Introducing the second part of his speech, Kirwan said “if knowledge is such a good thing, how could there be challenges for our society?”

He pointed out how much more accessible knowledge is today. “Your smartphone contains more computing power than NASA had when the first astronaut took flight.”

The rate of acquiring knowledge also has soared. He said to double human knowledge once took 1,500 years. Then 250 and 150 years. “Today’s it’s doubling every 13 months.”

He said higher education needs to adapt to this change. No longer are students at the mercy of a book or the office hours of a library or professor to gain knowledge. “Now knowledge is one click away on Google,” said Kirwan, who began his career as a math professor at the University of Maryland, College Park in 1964.

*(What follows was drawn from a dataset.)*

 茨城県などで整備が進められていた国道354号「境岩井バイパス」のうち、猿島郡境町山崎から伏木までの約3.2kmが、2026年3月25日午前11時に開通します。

“The nature of what is learned in the classroom needs to fundamentally change. Yes, we still need the professor. And he or she will still be a fount of knowledge. But only one of many founts of knowledge available,” he said. “What the classroom of the future needs is as the saying goes not a sage on stage but a guide on the side. Today’s students need to know how to pose questions, access, assess, and synthesize information in real time. And be able to work effectively in collaboration with others. The body of knowledge is simply too vast for anyone to be a final authority on any subject.”

Kirwan served as the fourth speaker in UMB’s Core Values Speaker Series. Best-selling author, attorney, and sports agent Ronald M. Shapiro, JD, kicked off the series by discussing civility on March 30, 2015. Norman R. Augustine, MSE, retired chair of Lockheed Martin, addressed leadership on May 11, and Peace Corps Director Carrie Hessler-Radelet, MS, spoke about collaboration on Oct. 15.

Bearer of two of higher education's most prestigious awards, the TIAA-CREF Theodore M. Hesburgh Award for Leadership (2010) and the Carnegie Corporation Leadership Award (2009), Kirwan has long been a proponent of increasing under-represented minorities' access to higher education.

In introducing Kirwan, UMB President Jay A. Perman, MD, said the former chancellor wrote the following just a few years ago:

“Deep within the makeup of this great nation is the belief that a person’s status at birth is not supposed to determine his or her status throughout lifeIt has always been education that provided the most effective and reliable path to a person’s full potential, taking them as far as their efforts and ambition will allow them to go.”

Kirwan addressed this subject toward the end of his 44-minute presentation. He said educational opportunity is an imperative in any discussion of knowledge.

“Wealth depends on knowledge acquisition through education. But access is not equal,” he said, citing that those born into the lowest income segment have an 8 percent chance of getting a college degree and those in the highest income segment have an 80 percent chance. “Too many children born into poverty have limited access to the knowledge they need. And then they have children born into poverty who face the same circumstance.”

He challenged the educators in the audience to work to find a lower-cost way to deliver a higher-quality education, streamlining the process and cutting student costs and burgeoning student debt. “Knowing this institution as I do, with knowledge and its creation, application, and dissemination as a core value, I’m putting my money down on UMB being a leader in helping our nation find solutions to this challenge.”